Final comment is increase the duration of light to at least 6hrs, 3hrs of light is no good to man or beast, or aquatic plants 😀.

A full tank shot of tank would be helpful.


----------



## MichaelJ (10 Aug 2021)

@Runner  Everything that @John q said plus I would definitely add a separate NPK fertilizer in addition to the trace you get from TNC complete. 10 ml of TNC complete for a 90 L tank will not give you a whole lot of NPK -  GSA thrives in a low phosphate environment in my experience. I had GSA until I started to pummel my two low-tech tanks with phosphate and very low levels of Nitrate appears to encourage BBA. But as the experts will tell you, algae is a CO2 deficiency problem, so the only lever you really have in a low-tech tank is to reduce light intensity (not hours), perhaps dial down the water temperature all to slow down plant metabolism and _marginally_ increase uptake of CO2 from the air. And of course keep up the weekly 50% water changes to get rid of waste, algae spores etc.



Runner said:


> Am trying to keep it low tech and avoid CO2 injection if I can.


Without CO2 injection you will definitely experience much slower growth and need to be a little more careful about which plants you choose, but its totally possibly to keep a lush thriving planted tanks without CO2 injection... and CO2 comes with its own set of problems that can take a lot of time and effort to master (not to mention all the money you have to front to implement CO2).

Welcome to UKAPS! 

Cheers,
Michael


----------



## Runner (12 Aug 2021)

Thanks both - that is really helpful! I can raise the light fixture a bit so I will do that and have it on for longer. I'll also turn the water temp down a bit and add the NPK fertilizer. 
I can't figure out how to take a photo on my iphone that doesn't reflect on the glass and end up with a photo of my living room! I've managed to take a couple that hopefully help.

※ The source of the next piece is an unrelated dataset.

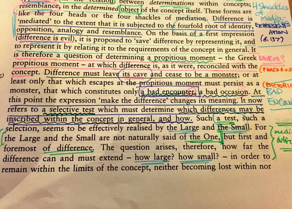 The opening paragraphs of DR offer a brief “In the beginning…” story. In the beginning was difference in itself emerging wherever determinations (things we recognize) combined with elements of the indeterminate. Such combinations felt like errors, monsters, and cruelties. In the beginning (simultaneously) was philosophy engaging with these combinations, shackling them in the prison house of Representation and with the chains of Identity, Analogy, Opposition, and Resemblance. Deleuze’s closing questions, it seems to me, collectively ask: could it have been otherwise? Can it be otherwise here and now? Can one imagine different tests, other methods of selection, other understandings of moments or encounters in order to understand or even to make difference in itself? To approach the One without reducing it to mediations among or between? To work his way toward a “Yes!”—one that he will repeat throughout his life and work—Deleuze must move on from his obscure prefacing—which has tripped me up for months—and engage directly with the history of thought that precedes him in order to carve out his own combination of determinations and the indeterminate and to free his own monsters from their caves.

I've added one that shows the valve from the return pump (tank has a concealed sump at the rear). I'm wondering if I add a spray bar to that to agitate the surface of the water and hopefully still add flow. If it doesn't then I could keep the spray bar and add a cheap wavemaker for the flow. Failing that I might give in and try the Co2! 

Thanks so much for your help.


----------



## MichaelJ (12 Aug 2021)

Hi @Runner,


Runner said:


> I can't figure out how to take a photo on my iphone that doesn't reflect on the glass and end up with a photo of my living room! I've managed to take a couple that hopefully help.

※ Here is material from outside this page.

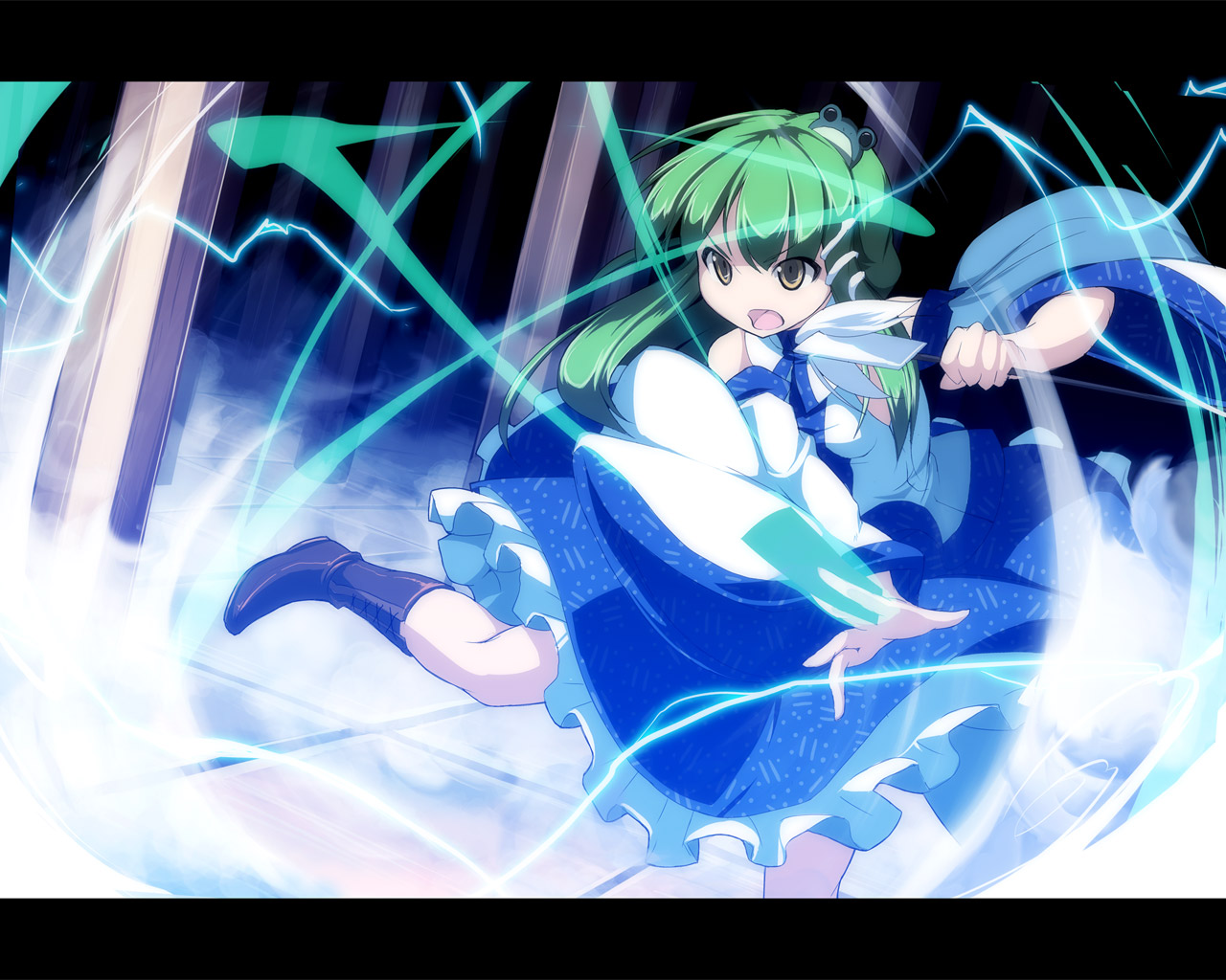 :o1girlblue skirtdetached sleevesfemale focusgreen eyesgreen hairletterboxedlong sleevesmagicmatching hair/eyesnontraditional mikoopen mouthpillarskirtsolostandingvest

There are many ways to deal with that. The easiest being to shoot the picture in the evening with the living room lights off - shoot from a slight angle if you still get reflections.

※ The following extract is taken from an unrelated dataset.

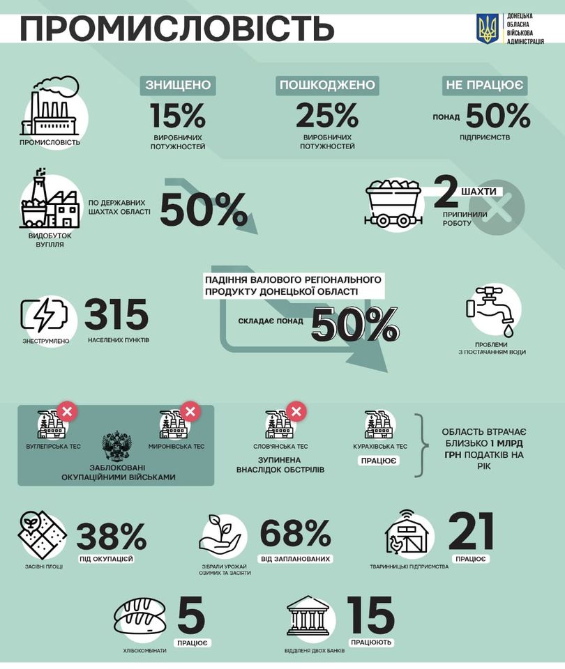 В Донецкой области уничтожено почти 15% производственных мощностей промышленности, повреждено – около 25%. В общей сложности прекратили работу более половины предприятий. Значительная часть из них на оккупированной территории (Азовсталь, комбинат Зота Некрасова), но также и на свободной (среди них Авдеевский коксохим и НКМЗ).

Ok, looking at your pictures and assuming you already dialed the lights WAY down, I'd say you need to clean up all those internal glass and equipment surfaces and siphon all the waste you can get away with without stirring up the substrate too much. Also, all leaves that are struggling badly or seems to be doomed by algae already should be trimmed off - decaying and dying leaves are algae magnets. And keep up those big  water changes ... looking at your tank I would up it to 2 x 50% per week for a while and fertilize with NPK and the TNC trace right after the WCs - this, in combination with the much lower light intensity, better circulation etc. will help.



Runner said:


> If it doesn't then I could keep the spray bar and add a cheap wavemaker for the flow.


I would just go ahead and add a small internal circulation pump / power head - they are cheap.



Runner said:


> Failing that I might give in and try the Co2!


As the CO2 experts will tell you, flow and circulation is King in the CO2 injected tank, so you will need to get that sorted out regardless.  Implementing CO2 is not a "fix" for the situation in your tank. What has been suggested is however, but it takes patience. I totally understand the frustration as I have been through this myself over the years.

Cheers,
Michael


----------



## Runner (12 Aug 2021)

This is hugely helpful - thank you very much, I will give it a go!


----------



## MichaelJ (12 Aug 2021)

Runner said:


> This is hugely helpful - thank you very much, I will give it a go!


@Runner  Another thing that might be helpful is to dose Seachem Excel until the tank recovers. From many accounts, it is possibly an effective algaecide and may speed up recovery of your tank - just make sure you stick to the dosing recommendations. There is a recent discussion on the topic here.

Cheers,
Michael


----------



## Runner (12 Aug 2021)

Oh great - I will take a look. At this point I am willing to try anything!


----------